Durante a entrevista, a magistrada esclareceu que os estereótipos de gênero são construções sociais relacionadas àquilo que a sociedade tradicionalmente considera adequado para homens e mulheres. “Estereótipos de gênero são padrões que nós construímos socialmente, que são mais ou menos aquilo que a sociedade acredita que é o papel do homem e o papel da mulher”, explicou. Como exemplo, ela citou a expectativa de que meninas sejam gentis e obedientes, enquanto meninos sejam aventureiros e ousados, observando que essas ideias podem gerar sofrimento para pessoas que não se encaixam nesses modelos.

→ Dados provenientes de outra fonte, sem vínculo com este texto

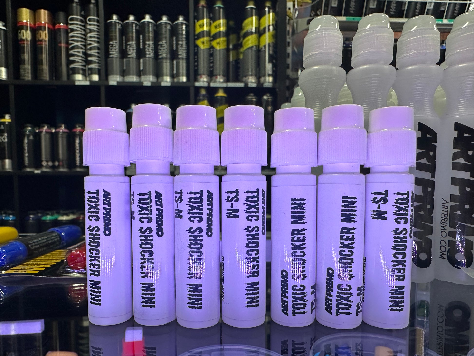 New! The TS-M is a shorter version of our best-selling Toxic Shocker Empty Mop. This mini-mop holds .25oz of your favorite ink or dye- because the marker body is not easily squeezable, we don't recommend using thicker paints. The Toxic Shocker Mini is equipped a durable 10mm felt nib. Sold empty, refillable and with replacement nibs available

A juíza também abordou a chamada divisão sexual do trabalho, conceito que atribui às mulheres as atividades relacionadas ao cuidado da casa, dos filhos e dos familiares, enquanto aos homens é destinado o trabalho produtivo e remunerado. Segundo ela, embora as mulheres tenham conquistado espaço no mercado de trabalho, ainda acumulam responsabilidades domésticas. “Nós trabalhamos fora, nós temos as nossas responsabilidades, nós competimos de igual para igual com os homens, mas nós continuamos com o trabalho doméstico. E aí surge, então, a dupla carga de trabalho”, destacou.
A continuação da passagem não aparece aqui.